Display-name fallback must be explicitly marked as fallback and should never silently produce high-trust identity if stronger identity is available.

## Built-In Canonicalization

Core baseline logic must not hardcode provider names or Microsoft labels.

Provider adapters may register canonicalizers.

Example Microsoft/Intune canonicalization behind adapter seam:

```text
All users
All devices
Default role scope tag
Known provider-default assignment targets
Known provider-default foundation resources
```

These must resolve by provider discriminator/type/canonical key, not display name.

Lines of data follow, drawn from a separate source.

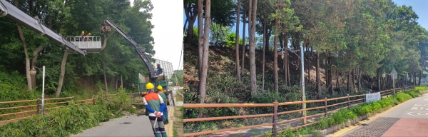 또한 등굣길 주변 임목들이 크게 자라 쓰러질 위험도 있어 송곡초에 등교하는 학생과 학부모들이 불안함을 느껴 시급한 정비가 필요했다.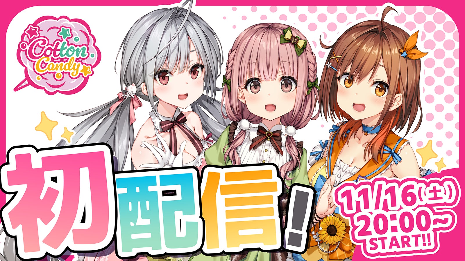 3人組バーチャルアイドル「CottonCandy」デビュー!2024年11月16日(土)より活動開始! ティザー映像は11月15日(金)オフィシャルYouTubeにて公開!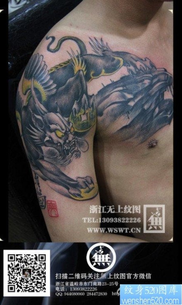 霸气很酷的披肩貔貅纹身图片_麒麟纹身图案大全_纹身图吧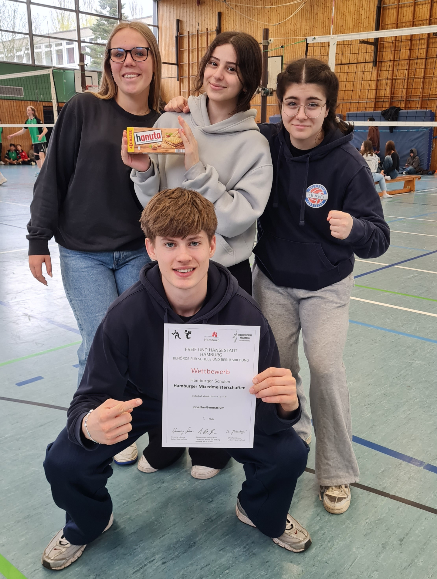Das Oberstufen Volleyball-Mixed-Team hat sich in die Endrunde der Hamburger Meisterschaften gespielt und dort den insgesamt 5. Platz aller Hamburger Schulen erreicht.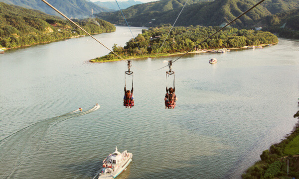 짚와이어는 약 80m 높이의 타워에서 와이어 로프에 매달려 이동하는 친환경 레포츠 시설이다. 시속 60~80㎞의 속도로 이동하며 약 1분 동안 높은 곳에서 전경을 한눈에 내려다볼 수 있다. 우리나라에서는 경기도 가평의 스카이라인 짚와이어가 대표적이다.
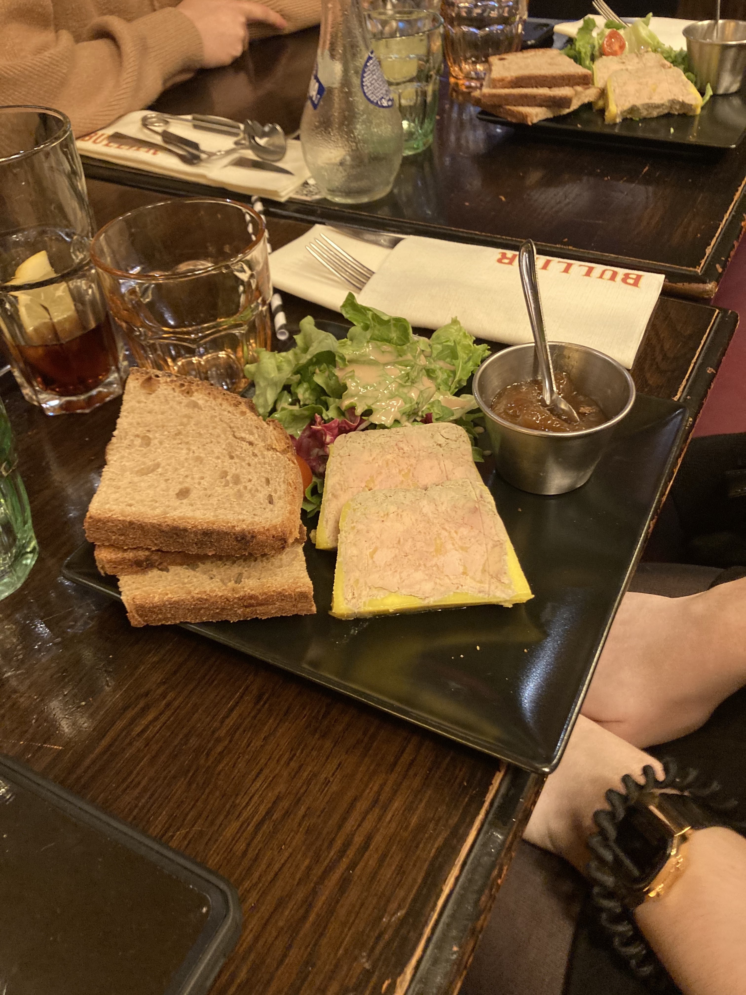 j'ai déjeuner au bullier courant février. Foie gras servi avec juste assez de toast pour une demie portion, le produit n'était pas de bonne qualité (le bloc s'effritait au moindre coup) et servi avec une salade dont la sauce industrielle donnait un goùt bizarre à l'ensemble... La Viande hachée du Hamburger fait maison était saignante et froide au coeur (ce qui fait penser à du décongelé). Un verre de vin rouge argentin que je n'ai pas fini. Le service en salle était lui impeccable. Près de 50€ pour quelque chose qui en vaut beaucoup moins. Je déconseille, mangé de la viande décongelée on peut le faire à moindre coût.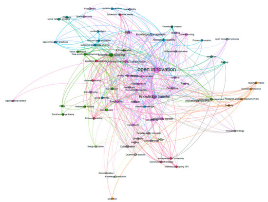 To better evaluate the network, quantification of author’s keyword values is represented in Table 8 based on their betweenness centrality measure. Its analysis and comparison with Table 7 allows us to observe that terms such as “Communication”, “Inter-organizational context”, “Open innovation practices”, “education”, “Innovation strategy”, “Start-up”, “Process innovation”, “Sustainability” and “Knowledge creation” gain relevance and become important bridge nodes. However, “Tacit knowledge”, “Governance” and “Industry” lose relevance, but are still important research topics.

## Foundation Coverage Registry

The registry must classify resource classes as:

```text
fully_comparable
inventory_only
canonical_only
unsupported
excluded_by_profile
requires_manual_binding
```

Foundation objects must not be forced into policy-backed comparison.

Examples:

```text
roleScopeTag default            -> canonical built-in/default if provider identifies it
roleScopeTag tenant-owned       -> foundation resource by provider object ID
assignmentFilter tenant-owned   -> foundation inventory/comparable depending capability
notificationMessageTemplate     -> foundation/config object depending capability
```

## Integration Points

Expected areas to inspect/modify:

- `BaselineCompareService`
- `CompareBaselineToTenantJob`
- `SubjectResolver`
- `ResolutionOutcome`
- `IntuneCompareStrategy`
- `CompareStrategyRegistry`
- `InventoryPolicyTypeMeta`
- `BaselineSupportCapabilityGuard`
- `GovernanceSubjectTaxonomyRegistry`
- provider gateway / provider adapter seams
- Graph contract registry integration where applicable

## Result Contract

The matching pipeline should return a typed result, for example:

```text
resolved_exact_identity
resolved_active_binding
resolved_canonical_builtin
resolved_canonical_virtual_target
resolved_unique_fallback
unresolved_ambiguous_match
missing_provider_resource
missing_local_evidence
unsupported_resource_class
foundation_inventory_only
excluded_non_governed
accepted_limitation
```

Spec 382 will formalize result semantics, but Spec 381 must produce enough structure for that follow-up.

## Acceptance Criteria

- Baseline compare uses matching pipeline before display-name fallback.
- Built-ins/virtual targets can be resolved by provider canonicalizer.
- Tenant-owned duplicate names remain unresolved unless an active binding exists.
- Foundation inventory-only resources no longer produce false policy-backed matching attempts.
- Existing compare strategies still receive matched baseline/current resources where possible.
- No core class hardcodes Microsoft display names.
- Fake provider can register canonical built-ins and resolve them.
- YPTW2-style cases are representable:
  - `All users` / `All devices` canonicalized,
  - `default roleScopeTag` canonicalized or foundation-classified,
  - tenant-owned duplicate Settings Catalog policies remain ambiguous until binding,
  - assignment filters and notification templates are classified by capability.

## Required Tests

- Built-in canonical object resolves without ambiguity.
- Virtual assignment target resolves without display-name matching.
- Tenant-owned duplicate display names remain unresolved.
- Active manual binding resolves duplicate candidate.
- Display-name fallback is only used after identity/canonical/binding attempts fail.
- Foundation inventory-only object returns inventory-only limitation, not `foundation_not_policy_backed`.
- Unsupported resource class returns unsupported result.
- Fake provider canonicalization contract test.
- Microsoft/Intune adapter does not leak display-name logic into core.

## Validation Commands

```bash
cd apps/platform && ./vendor/bin/sail artisan test --compact tests/Feature/Baselines/BaselineCompareAmbiguousMatchGapTest.php tests/Feature/Baselines/BaselineCompareGapClassificationTest.php
```

```bash
cd apps/platform && ./vendor/bin/sail artisan test --compact tests/Unit/Support/Baselines/SubjectResolverTest.php
```

Add new tests for the matching pipeline and canonicalizer registry.

## Risks

- Accidentally making display-name fallback look authoritative.
- Hiding real duplicate tenant resources through over-aggressive canonicalization.
- Hardcoding Microsoft-specific behavior into core.
- Breaking existing compare strategy expectations.

## Recommendation

Implement this second.

This candidate fixes the core matching failure mode while still avoiding UI and evidence/review changes.